> [PROMPT]
Which lines in the records below contain the word "macht"? Copy each of them.

◇ ◇ ◇

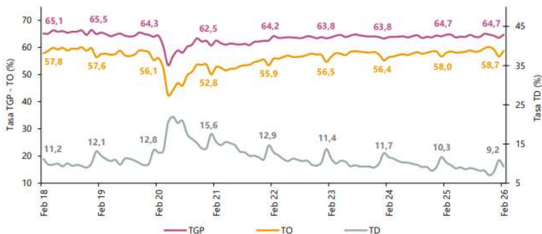
Gráfico 1. Tasa global de participación (TGP), Tasa de ocupación (TO) y Tasa de desocupación (TD) Total nacional Febrero (2018 - 2026)

Fuente: DANE, Gran Encuesta Integrada de Hogares (GEIH).
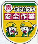
声かけ・安全作業ワッペン No.44085 定価 825円

●サイズ: H83×W50mm ●材質: ビニール ●ピン付/透明ポケット付/中紙挿入式/中紙 (H40×W15mm) 付
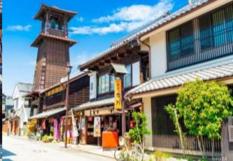
หน้าถนนเดินทางสู่ “เมืองคาวาเกะเอะ” บนเมียงเสกุงุ ใน

จังหวัดไซตามะ เป็นหนึ่งในสถานที่ท่องเที่ยวที่มีเสน่ห์มากที่สุดในแถบชานเมืองโตเกียว เป็นสถานที่ที่เหมาะสมสำหรับสัมผัสกับบรรยากาศญี่ปุ่นแบบดั้งเดิม ซึ่งมีทั้งสถาปัตยกรรมเก่าแก่ และวัฒนธรรมท้องถิ่นที่สามารถย้อนรอยไปในยุคเอโดะได้อย่างแท้จริง เป็นสถานที่ท่องเที่ยวที่ไม่ควรพลาดสำหรับคนที่ต้องการหลีกเลี่ยงความวุ่นวายของเมืองใหญ่และสัมผัสกับบรรยากาศแบบญี่ปุ่นดั้งเดิม
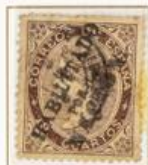
19 Cuartos castaño. Habilitados por la Nación. Matasellos fechador.
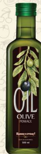
МАСЛО ОЛИВКОВОЕ Pomace темная
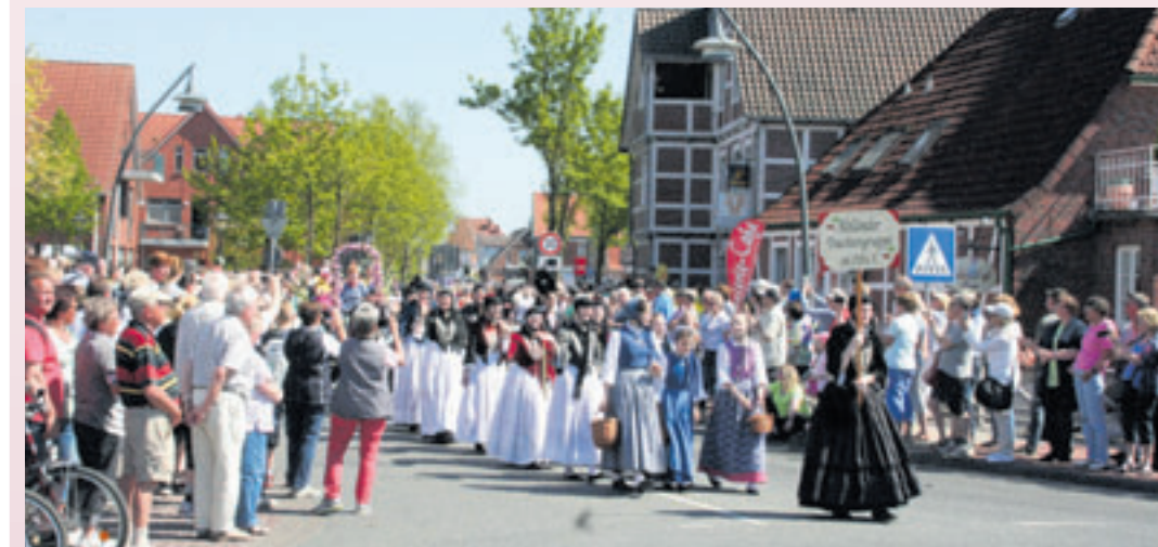
Auch 2024 wird die Altländer Trachtengruppe mit von der Partie sein.

Jung und alt in historischen Uniformen, Trachten oder Kostümen – dies macht unter anderem den Reiz des Blütenfestes Jork aus.
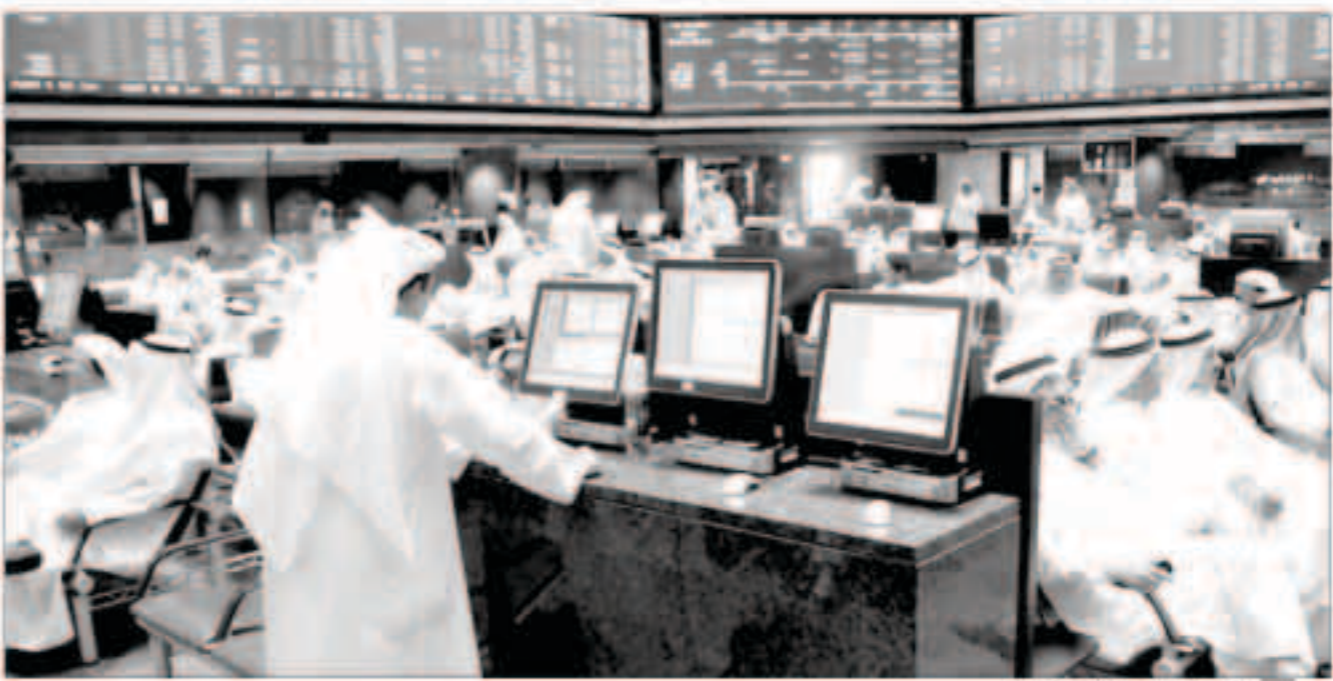
أسبوع إيجابي لخبرات البورصة

ارتفعت المؤشرات الكوبيتية بشكل جماعي في ختام تعاملات أسبوع الخميس، حيث سجل السعري نمواً بمعدل 0.11% عند مستوى 5284.87 نقطة رابحاً 6 نقاط. وارتفع مؤشر الوزني عند الإغلاق 0.27% بعد صعوده إلى مستوى 367.53 نقطة رابحاً قرابة النقطة. كما ارتفع مؤشر كويت 15 في نهاية الجلسة 0.39% بإقفاله عند مستوى 871.7 نقطة رابحاً 3.41 نقطة. وكان الأداء متبايناً في سبيل تعاملات أسبوع، حيث تراجع السعري بشكل طفيف، فيما ارتفع مؤشر الوزني ومؤشر كويت 15. وتراجعت وتيرة التداولات أسبوعياً، حيث انخفضت الكميات 4.7% إلى 152.61 مليون سهم، مقابل 160.17 مليون سهم بالأسبوع الأول.
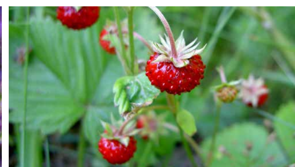
> Jahodník obecný
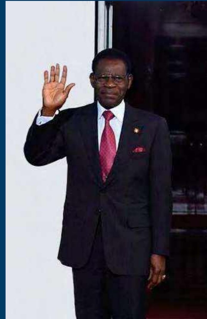
— S.E Teodoro Obiang Nguema — Presidente de la República Impulsor del desarrollo de Guinea Ecuatorial
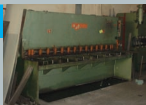
• Cisaille guillotine PRECIMECA 3000 X 6
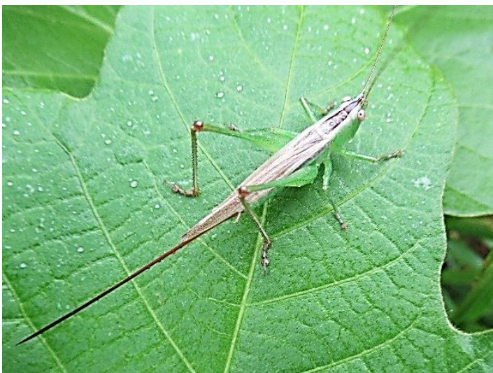
オナガササキリ ♀ 産卵管が目立って長い。
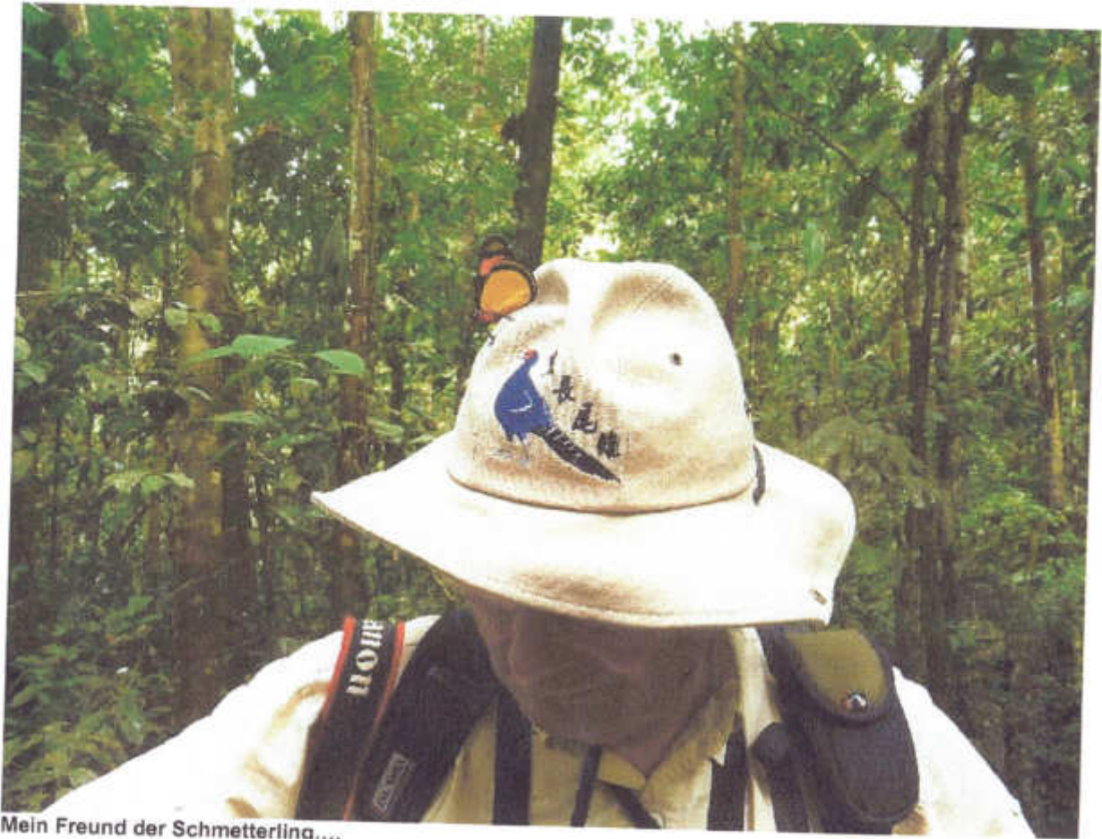
Mein Freund der Schmetterling....
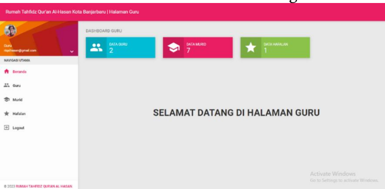
Gambar 6. Halaman Pengajar
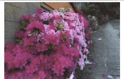
今が満開のつつじの花

【コメント】雨で延びた4月例会でしたが、当日の朝まで雨予想の為、出発を10:30に遅らせて実施。天候は曇り勝ちでしたが、薄日も射し適度に風も有って、まずまずの例会日よりでした。今回で3回目となる門戸厄神～廣田神社コースですが、全く違うコース設定でしたので、新鮮に感じられました。廣田神社のコバノミツバツツジの花は既に終わっていましたが、コース途中では、この時期のつつじの花や多くはの花が咲き誇って、まさに百花繚乱の趣きです。名前が判らない花も多く、スマホのアプリで名前を調べながら、しばし春のクリーン・ウォークを楽しむ事が出来ました。
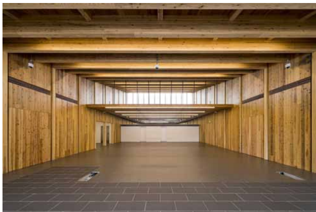
宿毛商銀信用組合本店・宿毛支店
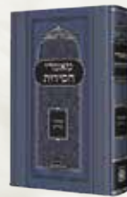
מאמרי אדמו"ר הרי"צ עם ביאור
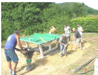
Mise en place de la table de ping pong (2009) aire de jeux et terrain de basket (2013/2014)
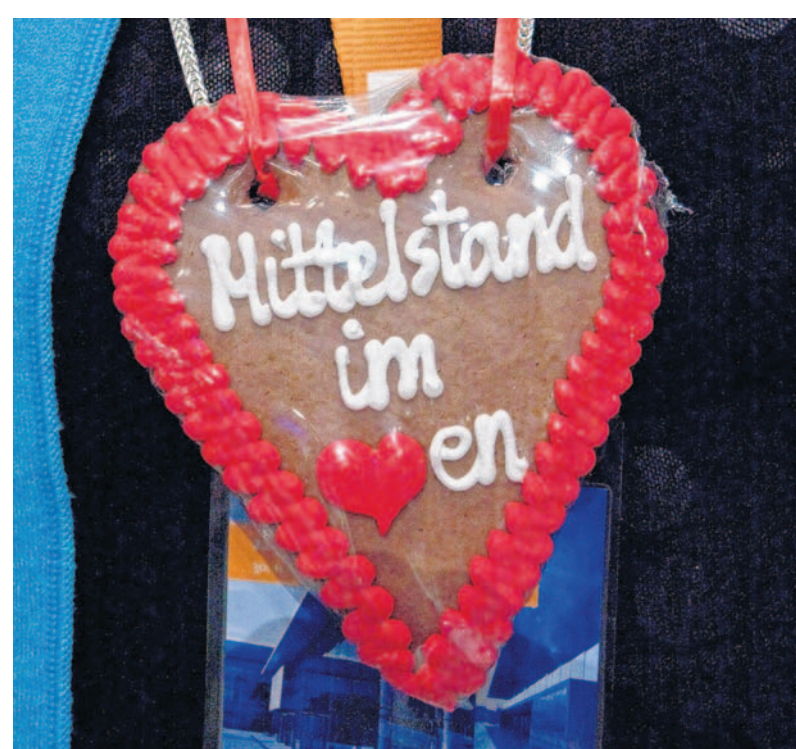
Der Mittelstand macht den Großteil deutscher Unternehmen aus.
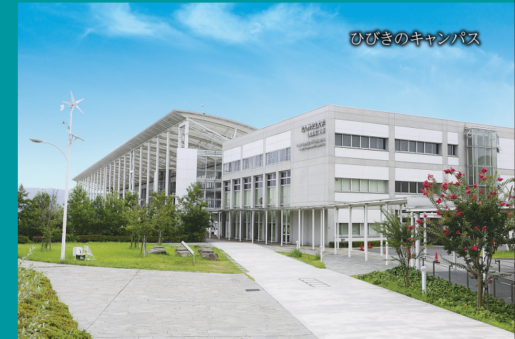
ひびきのキャンパス
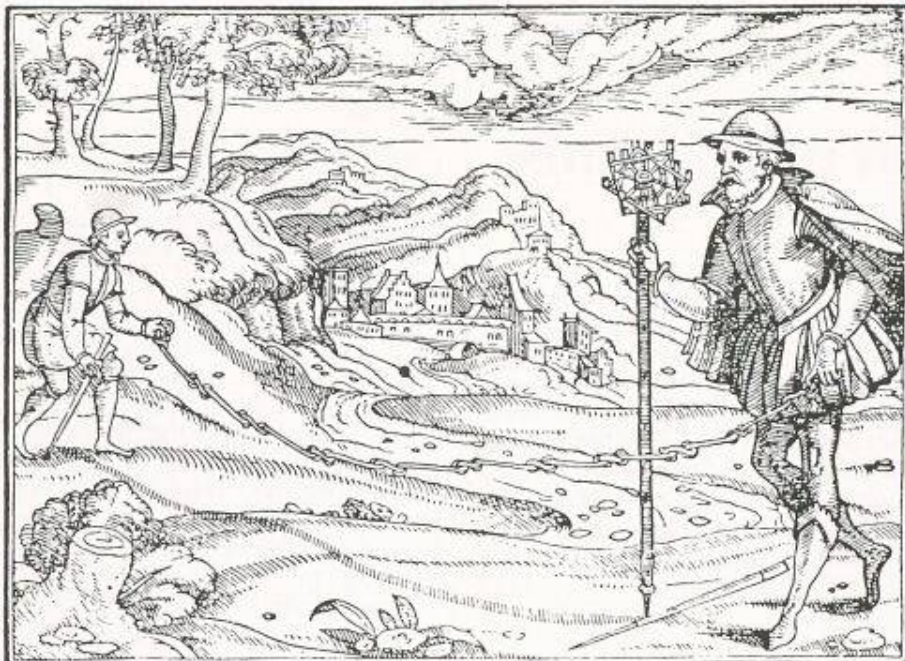
Bild 1: Landmesser mit Kreuzvisier und Messkette (In: C. Stephan, J. Liebhalt: «Von dem Feldbau», 1579)

Die folgenden Zitate mögen dazu einen kleinen Einblick geben:
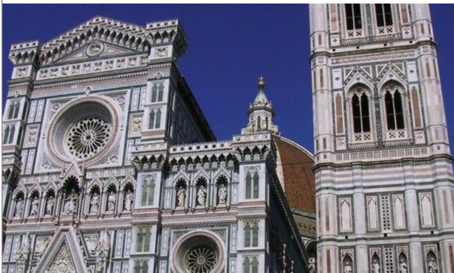
Plassen rundt Duomo og klokketårnet er ofte det første stedet for turister i Firenze.

Det er heller ikke noe problem å fly til Pisa og ta tog til Firenze. Norwegian har fly dit. Er det vanskelig å få flybilletter til Firenze eller Pisa, kan også Roma være et alternativ. Det tar mindre enn tre timer med tog fra Roma til Firenze.

◇ ◇ ◇

> [FINISHED EXERCISE]
Jung und alt in historischen Uniformen, Trachten oder Kostümen – dies macht unter anderem den Reiz des Blütenfestes Jork aus.
Der Mittelstand macht den Großteil deutscher Unternehmen aus.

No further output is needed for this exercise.